Today I woke up later than I expected, that is an issue that I have to resolve because soon I'll have to wake up pretty early in the morning but well, I'm on "vacations" so maybe my body and mind really need to rest now for fighting later.
I always talk about the next chapters of my life like they are battles, I don't know how to call them because I always had to fight, I didn't sink till now, although I'm not a great swimmer, cause I've fighted to be here, I changed a million times since I started my journey to became who I am today.
Maybe I should start calling them new adventures, life is a big adventure right?
We never know what's going to happen, we make wishes, we imagine, we work to make them true, but sometimes life gives us surprises and we don't know how to deal with them.
It's ok, not having everything figure it out, we're still learning everyday of our lifes.
This year I really want to make changes in my life, in my professional life mostly, to assure my future.
In other subject, yesterday I took some photos of myself just for fun, I used to do this a lot, but I got older and insecure about myself, didn't knew how to deal with my new face, I don't know, I never thought of myself as a very pretty person, it was a time where I used dreadlocks in my hair and my confidence rushed a bit, after that it was a countdown in terms of confidence.

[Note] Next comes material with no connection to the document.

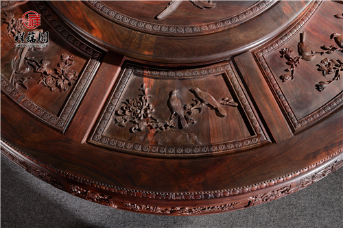 这款餐桌组合雕花精美繁复,尊贵无比,体现了祥蕴阁精湛的红木制艺,一套餐桌摆放在客厅大气华美,处处凸显了主任的尊贵霸气,十分有面子。

After six years and a buzz cut, I'm now growing my confidence with my hair, I'm loving my face again, of course I still have bad days, but most of it I can look in the mirror and say that I look pretty.
2016 also gave me that experience, with an impulsive night shaving hair.
It was in final days of August and now it is a lot bigger. And I'm loving every stupid fase that my hair have, but it's pretty good actually by the moment.